* [Items from a dataset]

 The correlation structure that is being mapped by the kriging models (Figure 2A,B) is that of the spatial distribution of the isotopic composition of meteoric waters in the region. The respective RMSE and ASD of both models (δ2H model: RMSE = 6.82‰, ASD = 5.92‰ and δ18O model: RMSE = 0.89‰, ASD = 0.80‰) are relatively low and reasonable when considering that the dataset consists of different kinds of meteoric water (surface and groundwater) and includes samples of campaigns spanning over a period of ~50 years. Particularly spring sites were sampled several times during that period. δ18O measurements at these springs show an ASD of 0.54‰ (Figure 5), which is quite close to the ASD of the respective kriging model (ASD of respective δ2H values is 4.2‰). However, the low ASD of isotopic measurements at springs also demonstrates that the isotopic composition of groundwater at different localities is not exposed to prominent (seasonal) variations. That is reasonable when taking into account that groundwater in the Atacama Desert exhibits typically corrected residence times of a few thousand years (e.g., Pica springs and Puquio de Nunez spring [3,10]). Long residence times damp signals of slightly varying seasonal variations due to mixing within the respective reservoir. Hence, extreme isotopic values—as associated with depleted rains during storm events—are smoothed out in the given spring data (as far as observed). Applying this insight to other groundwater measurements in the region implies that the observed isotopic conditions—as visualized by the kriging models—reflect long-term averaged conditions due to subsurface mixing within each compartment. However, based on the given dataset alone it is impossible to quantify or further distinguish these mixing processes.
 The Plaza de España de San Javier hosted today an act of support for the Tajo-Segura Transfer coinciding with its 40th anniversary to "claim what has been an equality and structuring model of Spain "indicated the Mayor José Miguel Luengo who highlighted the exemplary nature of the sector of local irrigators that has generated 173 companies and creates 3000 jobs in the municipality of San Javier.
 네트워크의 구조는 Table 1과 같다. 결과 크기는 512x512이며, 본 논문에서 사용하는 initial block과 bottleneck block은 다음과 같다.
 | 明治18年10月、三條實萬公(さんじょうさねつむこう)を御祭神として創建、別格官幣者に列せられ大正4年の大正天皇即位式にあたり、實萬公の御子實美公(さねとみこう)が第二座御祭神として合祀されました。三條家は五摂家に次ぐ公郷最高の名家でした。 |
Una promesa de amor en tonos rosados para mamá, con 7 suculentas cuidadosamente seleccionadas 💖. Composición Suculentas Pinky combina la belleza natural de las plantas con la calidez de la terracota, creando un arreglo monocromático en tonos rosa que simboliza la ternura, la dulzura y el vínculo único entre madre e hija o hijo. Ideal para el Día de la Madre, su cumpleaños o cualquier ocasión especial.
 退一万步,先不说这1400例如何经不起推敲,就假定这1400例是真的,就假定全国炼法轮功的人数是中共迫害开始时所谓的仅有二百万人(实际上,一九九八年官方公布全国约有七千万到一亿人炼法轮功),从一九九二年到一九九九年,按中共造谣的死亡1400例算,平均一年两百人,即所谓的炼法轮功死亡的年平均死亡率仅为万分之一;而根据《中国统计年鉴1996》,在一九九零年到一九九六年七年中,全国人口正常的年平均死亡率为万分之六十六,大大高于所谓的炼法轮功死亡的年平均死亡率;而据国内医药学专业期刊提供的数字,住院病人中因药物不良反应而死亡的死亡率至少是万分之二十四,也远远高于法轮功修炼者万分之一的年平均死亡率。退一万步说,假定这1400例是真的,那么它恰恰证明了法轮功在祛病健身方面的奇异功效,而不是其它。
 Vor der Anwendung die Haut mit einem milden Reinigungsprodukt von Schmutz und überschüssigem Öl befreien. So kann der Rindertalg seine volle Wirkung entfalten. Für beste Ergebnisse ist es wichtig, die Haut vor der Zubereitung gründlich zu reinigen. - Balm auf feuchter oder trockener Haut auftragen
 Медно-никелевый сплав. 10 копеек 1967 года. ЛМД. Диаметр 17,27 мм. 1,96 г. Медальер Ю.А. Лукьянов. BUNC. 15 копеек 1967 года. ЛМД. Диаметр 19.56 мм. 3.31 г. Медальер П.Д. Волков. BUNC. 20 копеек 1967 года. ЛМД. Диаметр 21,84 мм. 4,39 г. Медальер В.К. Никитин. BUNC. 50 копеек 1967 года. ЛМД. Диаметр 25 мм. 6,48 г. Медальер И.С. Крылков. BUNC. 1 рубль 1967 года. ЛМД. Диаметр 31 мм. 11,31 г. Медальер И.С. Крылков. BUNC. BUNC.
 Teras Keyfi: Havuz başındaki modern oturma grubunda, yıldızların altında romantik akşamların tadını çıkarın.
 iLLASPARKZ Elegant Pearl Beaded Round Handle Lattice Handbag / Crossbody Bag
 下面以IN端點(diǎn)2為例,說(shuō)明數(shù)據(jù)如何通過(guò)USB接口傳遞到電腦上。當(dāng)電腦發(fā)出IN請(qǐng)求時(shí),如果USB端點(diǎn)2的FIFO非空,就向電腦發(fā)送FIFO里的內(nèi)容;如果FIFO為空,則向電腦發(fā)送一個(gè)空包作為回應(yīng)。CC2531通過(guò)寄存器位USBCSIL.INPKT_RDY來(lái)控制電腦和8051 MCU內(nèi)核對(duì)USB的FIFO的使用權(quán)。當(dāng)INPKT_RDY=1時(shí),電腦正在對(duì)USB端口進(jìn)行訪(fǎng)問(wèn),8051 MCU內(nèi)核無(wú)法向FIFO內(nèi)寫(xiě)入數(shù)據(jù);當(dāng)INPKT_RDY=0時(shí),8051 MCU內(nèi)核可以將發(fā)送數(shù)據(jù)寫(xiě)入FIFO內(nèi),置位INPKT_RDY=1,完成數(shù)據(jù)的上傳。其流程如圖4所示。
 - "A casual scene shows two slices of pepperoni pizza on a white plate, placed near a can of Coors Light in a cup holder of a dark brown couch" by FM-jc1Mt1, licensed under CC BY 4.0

* [WHAT IS EXPECTED] Exact duplication of all the data above is expected.

* [SOLUTION FOR THIS EXERCISE]
 The correlation structure that is being mapped by the kriging models (Figure 2A,B) is that of the spatial distribution of the isotopic composition of meteoric waters in the region. The respective RMSE and ASD of both models (δ2H model: RMSE = 6.82‰, ASD = 5.92‰ and δ18O model: RMSE = 0.89‰, ASD = 0.80‰) are relatively low and reasonable when considering that the dataset consists of different kinds of meteoric water (surface and groundwater) and includes samples of campaigns spanning over a period of ~50 years. Particularly spring sites were sampled several times during that period. δ18O measurements at these springs show an ASD of 0.54‰ (Figure 5), which is quite close to the ASD of the respective kriging model (ASD of respective δ2H values is 4.2‰). However, the low ASD of isotopic measurements at springs also demonstrates that the isotopic composition of groundwater at different localities is not exposed to prominent (seasonal) variations. That is reasonable when taking into account that groundwater in the Atacama Desert exhibits typically corrected residence times of a few thousand years (e.g., Pica springs and Puquio de Nunez spring [3,10]). Long residence times damp signals of slightly varying seasonal variations due to mixing within the respective reservoir. Hence, extreme isotopic values—as associated with depleted rains during storm events—are smoothed out in the given spring data (as far as observed). Applying this insight to other groundwater measurements in the region implies that the observed isotopic conditions—as visualized by the kriging models—reflect long-term averaged conditions due to subsurface mixing within each compartment. However, based on the given dataset alone it is impossible to quantify or further distinguish these mixing processes.
 The Plaza de España de San Javier hosted today an act of support for the Tajo-Segura Transfer coinciding with its 40th anniversary to "claim what has been an equality and structuring model of Spain "indicated the Mayor José Miguel Luengo who highlighted the exemplary nature of the sector of local irrigators that has generated 173 companies and creates 3000 jobs in the municipality of San Javier.
 네트워크의 구조는 Table 1과 같다. 결과 크기는 512x512이며, 본 논문에서 사용하는 initial block과 bottleneck block은 다음과 같다.
 | 明治18年10月、三條實萬公(さんじょうさねつむこう)を御祭神として創建、別格官幣者に列せられ大正4年の大正天皇即位式にあたり、實萬公の御子實美公(さねとみこう)が第二座御祭神として合祀されました。三條家は五摂家に次ぐ公郷最高の名家でした。 |
Una promesa de amor en tonos rosados para mamá, con 7 suculentas cuidadosamente seleccionadas 💖. Composición Suculentas Pinky combina la belleza natural de las plantas con la calidez de la terracota, creando un arreglo monocromático en tonos rosa que simboliza la ternura, la dulzura y el vínculo único entre madre e hija o hijo. Ideal para el Día de la Madre, su cumpleaños o cualquier ocasión especial.
 退一万步,先不说这1400例如何经不起推敲,就假定这1400例是真的,就假定全国炼法轮功的人数是中共迫害开始时所谓的仅有二百万人(实际上,一九九八年官方公布全国约有七千万到一亿人炼法轮功),从一九九二年到一九九九年,按中共造谣的死亡1400例算,平均一年两百人,即所谓的炼法轮功死亡的年平均死亡率仅为万分之一;而根据《中国统计年鉴1996》,在一九九零年到一九九六年七年中,全国人口正常的年平均死亡率为万分之六十六,大大高于所谓的炼法轮功死亡的年平均死亡率;而据国内医药学专业期刊提供的数字,住院病人中因药物不良反应而死亡的死亡率至少是万分之二十四,也远远高于法轮功修炼者万分之一的年平均死亡率。退一万步说,假定这1400例是真的,那么它恰恰证明了法轮功在祛病健身方面的奇异功效,而不是其它。
 Vor der Anwendung die Haut mit einem milden Reinigungsprodukt von Schmutz und überschüssigem Öl befreien. So kann der Rindertalg seine volle Wirkung entfalten. Für beste Ergebnisse ist es wichtig, die Haut vor der Zubereitung gründlich zu reinigen. - Balm auf feuchter oder trockener Haut auftragen
 Медно-никелевый сплав. 10 копеек 1967 года. ЛМД. Диаметр 17,27 мм. 1,96 г. Медальер Ю.А. Лукьянов. BUNC. 15 копеек 1967 года. ЛМД. Диаметр 19.56 мм. 3.31 г. Медальер П.Д. Волков. BUNC. 20 копеек 1967 года. ЛМД. Диаметр 21,84 мм. 4,39 г. Медальер В.К. Никитин. BUNC. 50 копеек 1967 года. ЛМД. Диаметр 25 мм. 6,48 г. Медальер И.С. Крылков. BUNC. 1 рубль 1967 года. ЛМД. Диаметр 31 мм. 11,31 г. Медальер И.С. Крылков. BUNC. BUNC.
 Teras Keyfi: Havuz başındaki modern oturma grubunda, yıldızların altında romantik akşamların tadını çıkarın.
 iLLASPARKZ Elegant Pearl Beaded Round Handle Lattice Handbag / Crossbody Bag
 下面以IN端點(diǎn)2為例,說(shuō)明數(shù)據(jù)如何通過(guò)USB接口傳遞到電腦上。當(dāng)電腦發(fā)出IN請(qǐng)求時(shí),如果USB端點(diǎn)2的FIFO非空,就向電腦發(fā)送FIFO里的內(nèi)容;如果FIFO為空,則向電腦發(fā)送一個(gè)空包作為回應(yīng)。CC2531通過(guò)寄存器位USBCSIL.INPKT_RDY來(lái)控制電腦和8051 MCU內(nèi)核對(duì)USB的FIFO的使用權(quán)。當(dāng)INPKT_RDY=1時(shí),電腦正在對(duì)USB端口進(jìn)行訪(fǎng)問(wèn),8051 MCU內(nèi)核無(wú)法向FIFO內(nèi)寫(xiě)入數(shù)據(jù);當(dāng)INPKT_RDY=0時(shí),8051 MCU內(nèi)核可以將發(fā)送數(shù)據(jù)寫(xiě)入FIFO內(nèi),置位INPKT_RDY=1,完成數(shù)據(jù)的上傳。其流程如圖4所示。
 - "A casual scene shows two slices of pepperoni pizza on a white plate, placed near a can of Coors Light in a cup holder of a dark brown couch" by FM-jc1Mt1, licensed under CC BY 4.0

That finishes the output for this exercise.